_WHAT YOU ARE ASKED TO DO_
Your task is to restate word for word the lines in the material below, from the one with "京の七味 ほうれん草 他" up to and including the one with "05-12-2025Serdecznie zapraszamy całą". Do not carry over the pictures.

(SUPPLIED MATERIAL)

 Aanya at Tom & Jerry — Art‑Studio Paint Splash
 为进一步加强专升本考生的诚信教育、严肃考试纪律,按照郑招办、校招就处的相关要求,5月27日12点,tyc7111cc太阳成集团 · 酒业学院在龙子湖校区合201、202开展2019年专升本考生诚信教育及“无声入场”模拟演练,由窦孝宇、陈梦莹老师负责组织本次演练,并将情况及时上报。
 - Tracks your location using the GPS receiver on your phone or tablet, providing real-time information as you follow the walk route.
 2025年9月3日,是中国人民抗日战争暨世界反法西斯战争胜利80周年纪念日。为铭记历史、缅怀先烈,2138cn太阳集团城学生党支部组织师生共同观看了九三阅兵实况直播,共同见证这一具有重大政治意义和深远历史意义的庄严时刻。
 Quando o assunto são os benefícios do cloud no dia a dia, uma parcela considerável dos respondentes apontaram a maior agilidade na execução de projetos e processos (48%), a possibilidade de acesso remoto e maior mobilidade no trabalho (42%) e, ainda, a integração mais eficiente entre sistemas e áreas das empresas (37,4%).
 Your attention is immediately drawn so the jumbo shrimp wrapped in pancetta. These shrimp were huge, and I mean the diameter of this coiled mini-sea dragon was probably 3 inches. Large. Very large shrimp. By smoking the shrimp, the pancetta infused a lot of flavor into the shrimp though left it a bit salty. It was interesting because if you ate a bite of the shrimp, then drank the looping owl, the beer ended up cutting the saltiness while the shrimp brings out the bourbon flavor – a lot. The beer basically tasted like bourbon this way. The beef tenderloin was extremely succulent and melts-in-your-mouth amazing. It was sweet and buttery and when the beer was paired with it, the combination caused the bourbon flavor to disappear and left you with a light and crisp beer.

(End SUPPLIED MATERIAL)
(SUPPLIED MATERIAL)

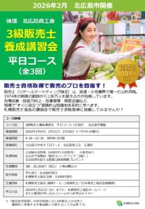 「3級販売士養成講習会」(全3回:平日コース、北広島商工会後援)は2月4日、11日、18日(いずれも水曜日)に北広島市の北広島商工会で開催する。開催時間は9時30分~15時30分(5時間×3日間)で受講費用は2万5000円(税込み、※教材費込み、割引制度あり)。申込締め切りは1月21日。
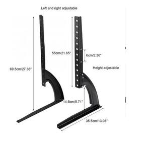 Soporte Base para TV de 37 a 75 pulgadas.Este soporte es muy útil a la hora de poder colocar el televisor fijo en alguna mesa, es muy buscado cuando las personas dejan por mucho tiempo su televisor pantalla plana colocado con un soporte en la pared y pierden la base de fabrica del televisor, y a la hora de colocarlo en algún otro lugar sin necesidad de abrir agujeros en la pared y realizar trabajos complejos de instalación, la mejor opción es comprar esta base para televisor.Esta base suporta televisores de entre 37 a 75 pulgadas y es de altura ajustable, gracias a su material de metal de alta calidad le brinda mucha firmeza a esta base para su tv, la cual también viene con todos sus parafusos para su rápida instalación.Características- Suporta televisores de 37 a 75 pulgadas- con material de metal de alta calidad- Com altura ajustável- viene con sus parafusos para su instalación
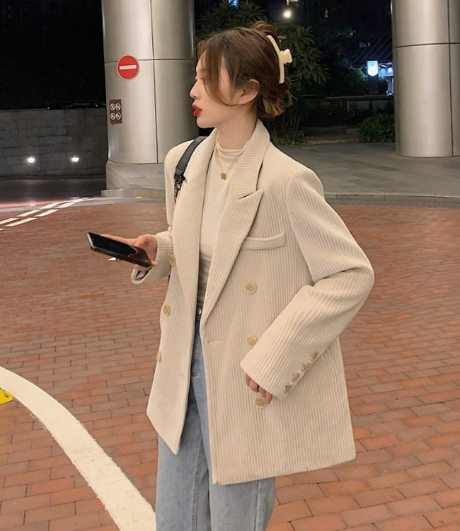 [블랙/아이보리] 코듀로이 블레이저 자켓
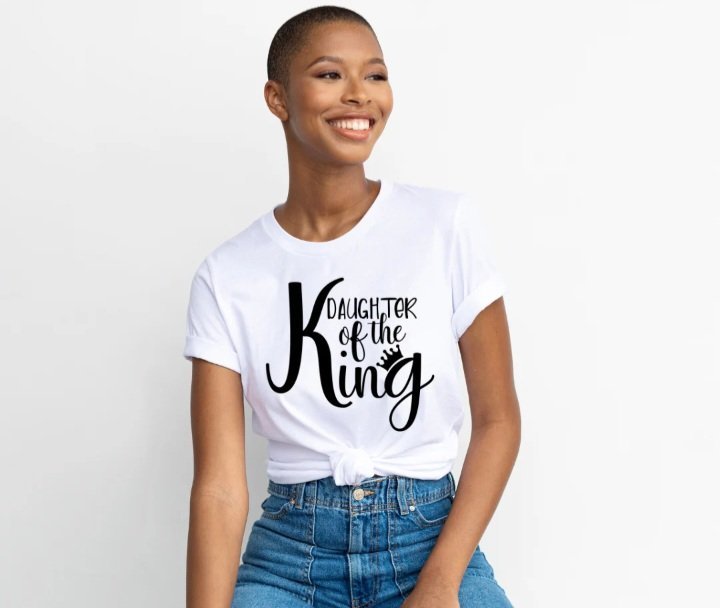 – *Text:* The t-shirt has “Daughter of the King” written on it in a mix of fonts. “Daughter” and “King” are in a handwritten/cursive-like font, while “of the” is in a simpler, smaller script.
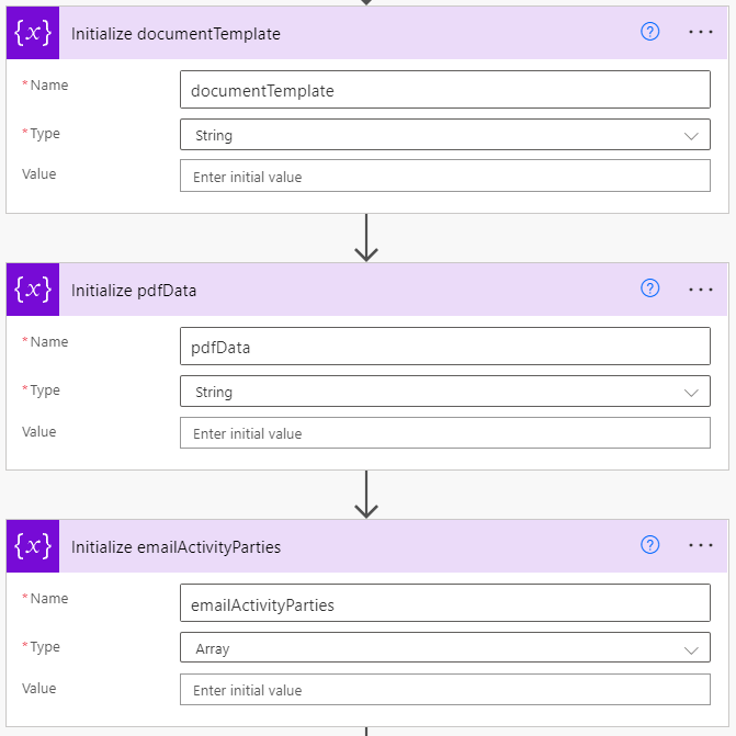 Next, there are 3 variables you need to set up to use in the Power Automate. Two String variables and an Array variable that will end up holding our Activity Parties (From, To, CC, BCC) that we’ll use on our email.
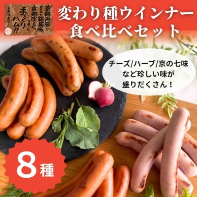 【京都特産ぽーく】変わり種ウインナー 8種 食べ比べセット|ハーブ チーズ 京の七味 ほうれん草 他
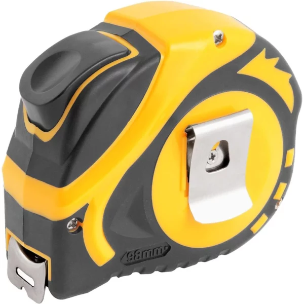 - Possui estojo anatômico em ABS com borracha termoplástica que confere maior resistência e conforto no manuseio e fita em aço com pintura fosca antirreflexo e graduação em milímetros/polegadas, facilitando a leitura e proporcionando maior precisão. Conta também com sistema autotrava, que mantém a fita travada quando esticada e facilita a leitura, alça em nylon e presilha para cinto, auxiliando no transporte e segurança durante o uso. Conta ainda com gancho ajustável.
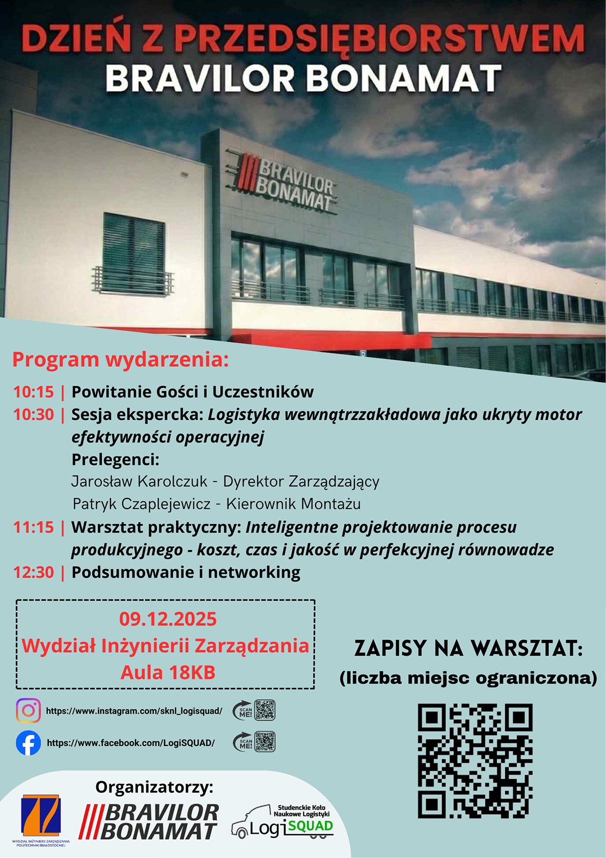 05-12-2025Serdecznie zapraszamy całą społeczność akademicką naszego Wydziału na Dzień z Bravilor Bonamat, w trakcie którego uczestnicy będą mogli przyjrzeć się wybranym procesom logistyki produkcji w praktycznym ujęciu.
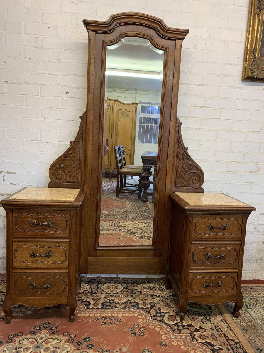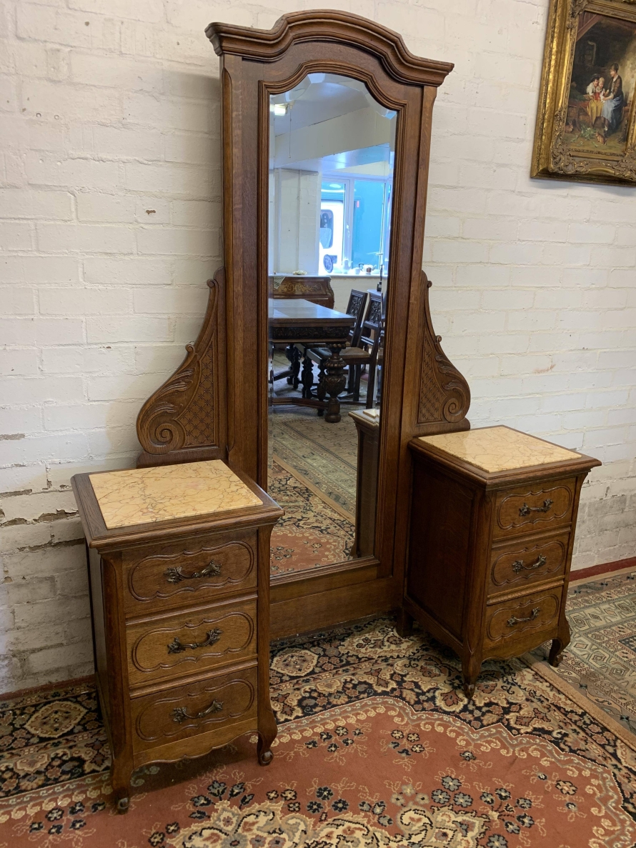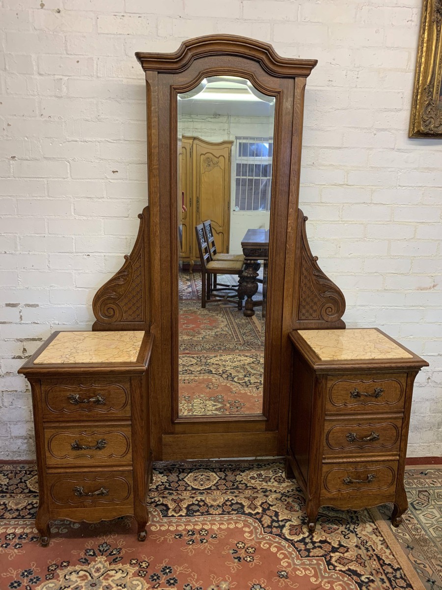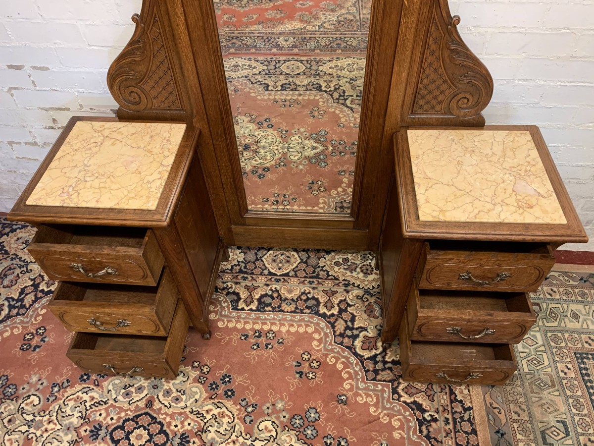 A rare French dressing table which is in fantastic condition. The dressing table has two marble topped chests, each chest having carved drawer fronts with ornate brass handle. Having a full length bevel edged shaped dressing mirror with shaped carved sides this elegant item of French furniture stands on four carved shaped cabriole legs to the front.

(End SUPPLIED MATERIAL)
(SUPPLIED MATERIAL)

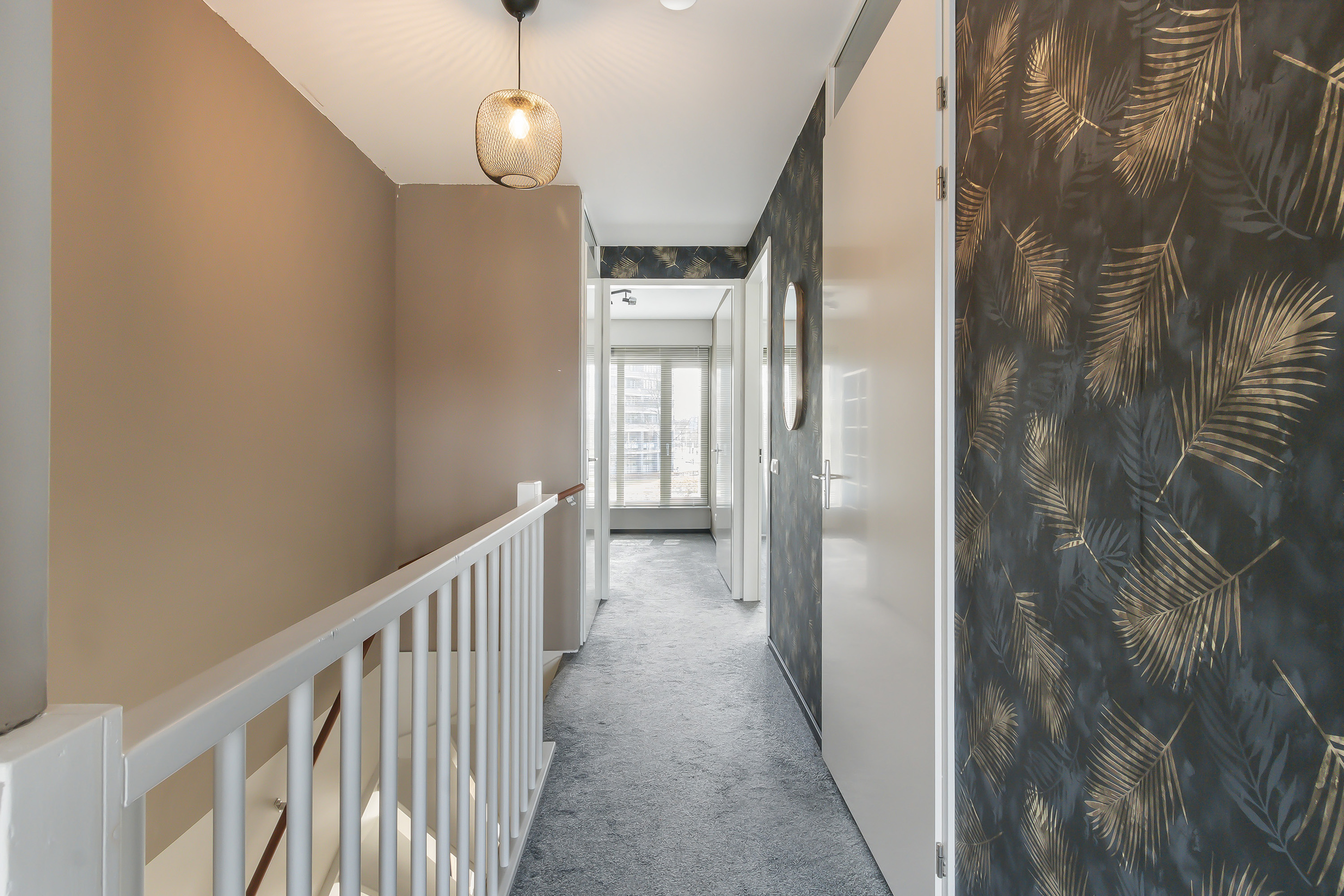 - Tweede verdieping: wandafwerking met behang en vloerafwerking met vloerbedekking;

(End SUPPLIED MATERIAL)

_TASK ANSWER_
 【京都特産ぽーく】変わり種ウインナー 8種 食べ比べセット|ハーブ チーズ 京の七味 ほうれん草 他
 - Possui estojo anatômico em ABS com borracha termoplástica que confere maior resistência e conforto no manuseio e fita em aço com pintura fosca antirreflexo e graduação em milímetros/polegadas, facilitando a leitura e proporcionando maior precisão. Conta também com sistema autotrava, que mantém a fita travada quando esticada e facilita a leitura, alça em nylon e presilha para cinto, auxiliando no transporte e segurança durante o uso. Conta ainda com gancho ajustável.
 05-12-2025Serdecznie zapraszamy całą społeczność akademicką naszego Wydziału na Dzień z Bravilor Bonamat, w trakcie którego uczestnicy będą mogli przyjrzeć się wybranym procesom logistyki produkcji w praktycznym ujęciu.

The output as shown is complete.